I was bored and I found the inequality $$\pi-\left(90\sum_{n=1}^mn^{-4}\right)^{\frac14}<\pi-\left(6\sum_{n=1}^mn^{-2}\right)^{\frac12},$$ where $m$ is a positive integer. Which is basically derived from $\zeta(4)=\frac{\pi^4}{90}$ and $\zeta(2)=\frac{\pi^2}6$.
This is equivalent to $$5\sum_{n=1}^mn^{-4}>2\left(\sum_{n=1}^mn^{-2}\right)^2.$$ At first I tried a direct proof, and simplified it down to $$3\sum_{n=1}^mn^{-4}>4\sum_{\substack{1\le i,j\le m\\i\neq j}}(ij)^{-2}$$ but there wasn't an obvious way for me to proceed from here. My second attempt was to use induction, and the case $m=1$ was trivial, but the IH was too weak.

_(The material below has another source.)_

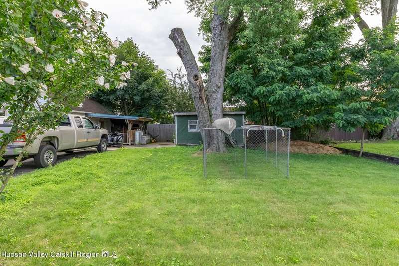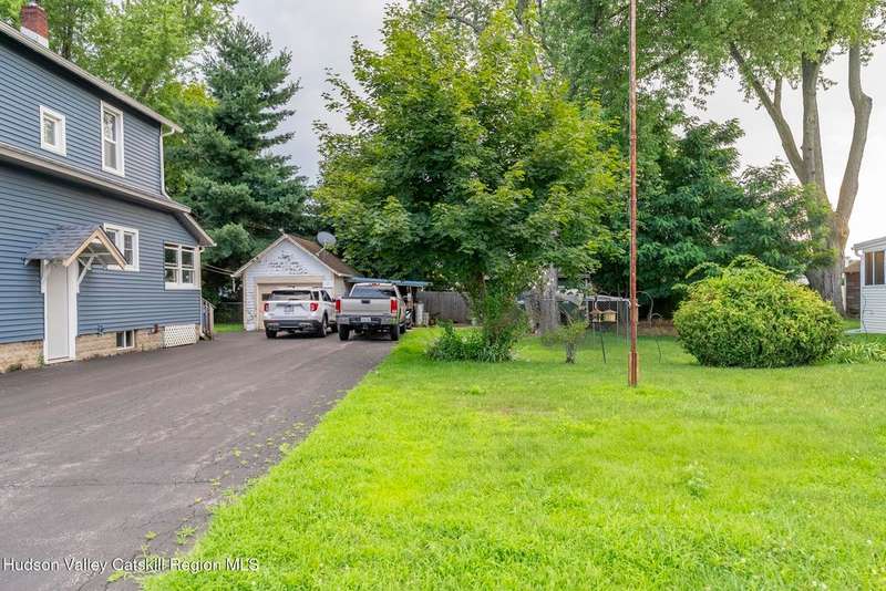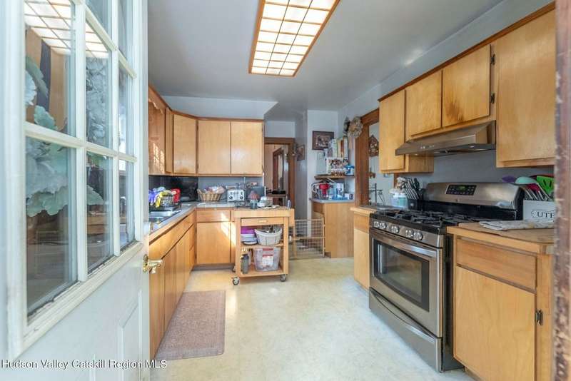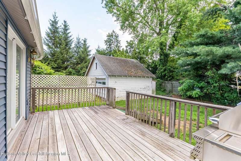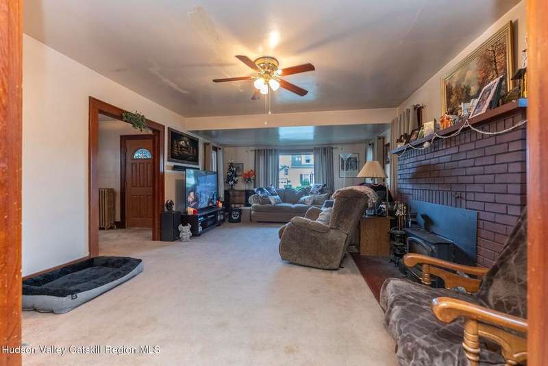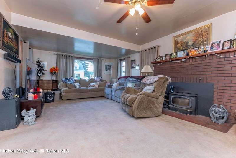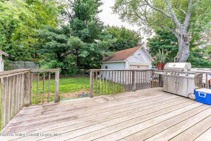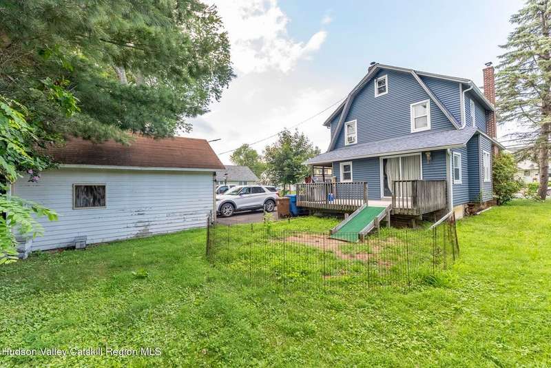Wonderful Opportunity in the Heart of Kingston!Centrally located with unbeatable convenience to Uptown Kingston, the Town of Ulster, Adams Fairacre Farms, Dunkin', and nearby hiking and biking trails?this charming home is the perfect blend of comfort and accessibility.Step into the spacious and inviting front entry that leads to an impressive 21.7 x 13.3 living room, anchored by a beautiful brick fireplace with a wood stove insert that warms the entire home. The large formal dining room boasts a wall of windows, flooding the space with natural light and creating an ideal setting for gatherings.A first-floor office opens to expansive decking, perfect for outdoor entertaining, dining, or simply relaxing. The well-sized kitchen also provides direct access to the deck, making indoor-outdoor living a breeze.Upstairs, you'll find three generously proportioned bedrooms and a full bath. Thanks to the dormered roofline, each bedroom offers spacious comfort and architectural charm. A full basement with a second wood stove provides even more cozy potential on cold winter nights.Included in the sale is an additional adjoining lot, creating an extra-large side yard and nearly a quarter-acre of property?perfect for gardening, recreation, or expansion. Plus, there's additional outdoor storage on site.Don't miss your chance to own this versatile and conveniently located property in one of Kingston's most desirable areas!

I used the hypothesis to get $$5(m+1)^{-4}+5\sum_{n=1}^mn^{-4}>5(m+1)^{-4}+2\left(\sum_{n=1}^mn^{-2}\right)^2,$$ but $2\left(\sum_{n=1}^mn^{-2}+(m+1)^{-2}\right)^2\ge RHS$ (by desmos), so that didn't work as well. I don't think Cauchy works either, though not that sure.
If anyone could provide a solution, then I'd greatly appreciate it! I preferably want an elementary solution.